21 June 2012

One Lie We Tell Ourselves About Marriage


Canadian layperson Aaron Armstrong has just begun a 3-part blog series on common misconceptions about marriage. As he puts it: 'we all bring into our marriages a ton of baggage, but where our baggage gets dangerous is when it's founded on the lies that our culture and sinful natures tell us.' His post on the first lie concerns how the Western perspective is so typically centered around the self and one's own happiness.

A primary problem in marriage, he argues, is that we trust our feelings too much. Chalk it up to the continuing influence of 19th-century Romanticism; or maybe chalk it up to 21st-century popular postmodernism. Either way, our culture — and Christians along with it, unfortunately — seems to be deluded into thinking that our emotional responses are accurate and trustworthy guides of truth, rather than something equally corrupted by the fall and naturally inclined towards the exaltation of self.1

Stemming from the theme that the purpose of marriage is to bear witness to the gospel — both one spouse to another, and to the world around — he argues:

We think that our feelings offer a sound measure for whether or not marriage is 'working' and if we're not happy all the time, then it must be broken. . . . What we fail to recognize is the truth of Jeremiah 17:9, that 'the heart is deceitful above all things, and desperately sick; who can understand it?' The solution to the happiness problem in marriage isn’t to find someone new to be happy with, despite what our hearts might tell us. We don’t need new circumstances either. We need a heart change. This is what the gospel offers us. When Christ is the center of our marriage, and his relationship with the Church is our model, then it changes how we approach our desire for happiness. Instead of putting our own needs first, we consider the interests of others more significant than our own.

This, in itself, is a quite difficult challenge. On occasion we can bear through the things which challenge our happiness personally, such as difficulties at work or a friend letting us down. But when what challenges our happiness is the very thing that our culture says should most maximize our happiness — romantic love — that can be a real struggle.

Equally difficult is reconciling this principle to the pre-marriage phases of romance. If marriage isn't about my own happiness, what does that mean for how I date? Am I incorrectly approach relationships in a way that implicitly asserts that marriage is all about my happiness? And if so, what does correction look like? Certainly, dating isn't marriage, and so different rules will naturally apply (e.g., breaking up with someone is not comparable to divorce). But how we view marriage unavoidably affects how we approach marriage; and how we approach marriage unavoidably affects how our marriage plays out.

Does this mean that one should be fully satisfied in an unhappy marriage or that it is wrong to want happiness? No, I don't think that is what Armstrong is saying. Rather, he is suggesting that happiness is not the only gauge of a good marriage. Happiness is a gift from God and so we should seek out joy and thank him for it. After all, the chief end of man is glorify God and enjoy him forever. And so an unhappy marriage is imperfect. But imperfect only means there is room for sanctification, repentance, and forgiveness.

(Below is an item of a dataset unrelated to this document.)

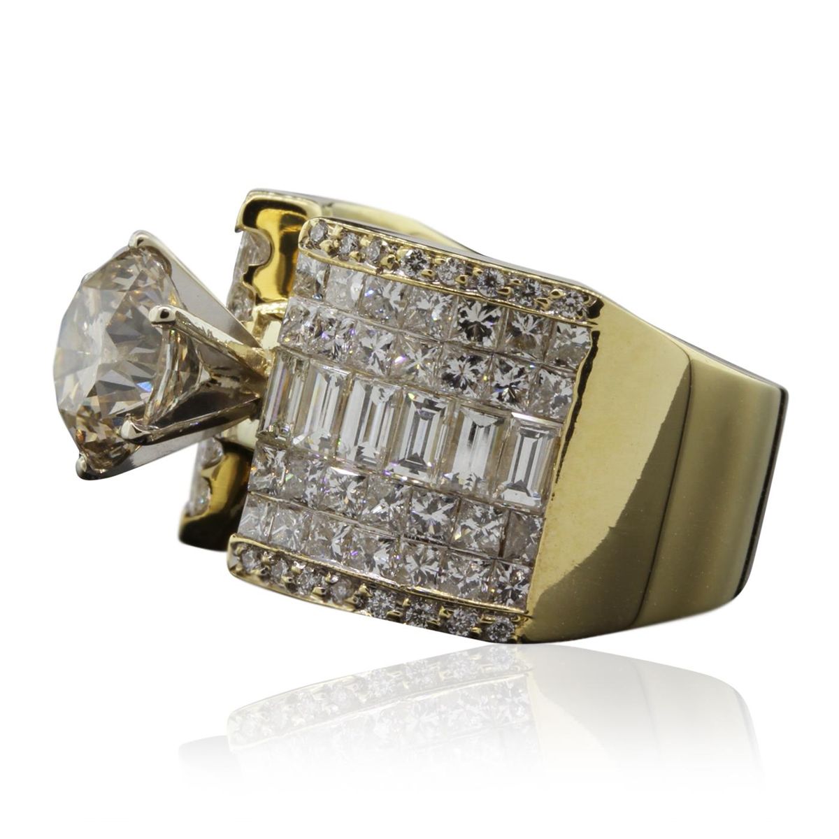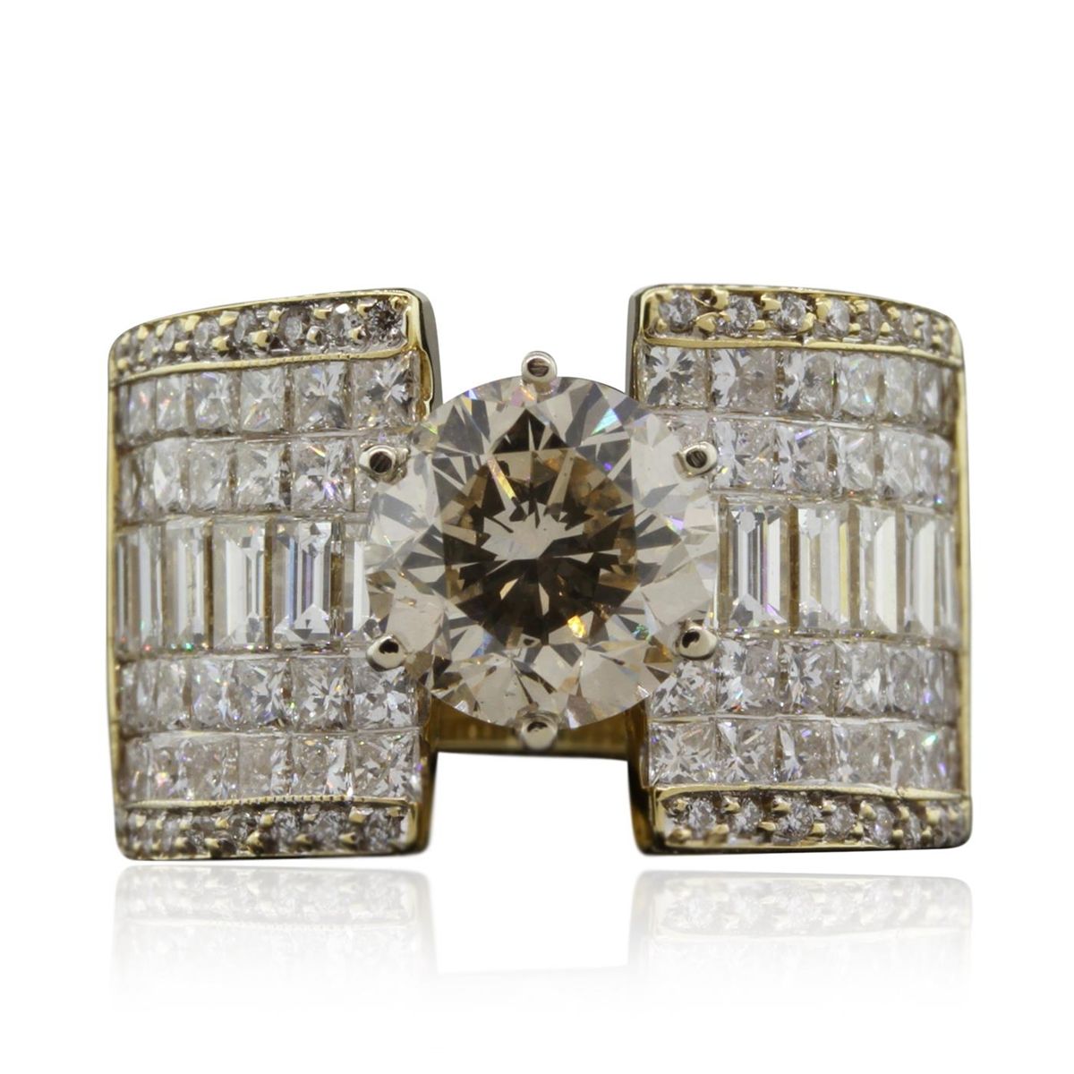 One electronically tested 18KT yellow gold ladies cast & assembled diamond ring with a bright polish finish. Condition is new, good workmanship. The featured diamond is cathedral set supported by elaborate diamond set shoulders, completed by a eight millimeter wide band. Identified with markings of "18K". Containing: One prong set round brilliant cut diamond, measuring 8.65 - 8.60 x 5.30mm (depth est.), 8.00%. GTCF approximate weight of 2.61ct with a medium strong blue fluorescence. Diamond Grading Report attached. Graded in the setting. Clarity: SI-2. Depth: 61.4%. Table 59.1%. Twelve invisible set baguette cut diamonds, measuring 3.50 x 2.10 x 1.47mm (depth est.) approximate. Total Weight of 12 Stones = 1.10ct. Graded in the setting. Clarity: VVS-2 to VS-2. Color: G - I. Fifty-Six invisible set princess cut diamonds, measuring 1.80 x 1.70 x 1.20mm (depth est.) approximate. Total Weight of 56 Stones = 1.73ct. Graded in the setting. Clarity: VS-2 to SI-2. Color: G - I. Thirty-Two bead set round brilliant cut diamonds, measuring 1.10 - 1.00 x 0.63mm (depth est.) approximate. Total Weight of 32 Stones = 0.17ct. Graded in the setting. Clarity: VS-1 to SI-1. Color: G - I. Total Weight of Diamonds 5.61ct. Total Weight of Ring 18.12gm. AIG Appraised at $60,960.00.

Part of the issue that Armstrong is driving at is that people are not attracted to holiness. To someone that seeks after God first, there should be nothing that brings more happiness — perhaps 'joy' is a more proper description — than holiness. The happiness in holiness is the most complete form of happiness; it is able to overcome the pains of holiness in our fallen world. It is when we seek happiness in other things that we run into trouble. As Paul writes, 'I count everything as loss because of the surpassing worth of knowing Christ Jesus my Lord. For his sake I have suffered the loss of all things and count them as rubbish, in order that I may gain Christ and be found in him'.

If happiness, apart from holiness, becomes your primary goal in marriage, then you'll miss out on its real purpose: to glorify God by bearing witness to the gospel. Not only that, but you'll miss out on opportunities that God has given to exercise unconditional and costly love: to love even when your emotions say you needn't or shouldn't. Part of showing that unconditional love is to pursue the godliness — and yes, the happiness — of your spouse. This then leads into Armstrong's second lie: Marriage is supposed to be easy.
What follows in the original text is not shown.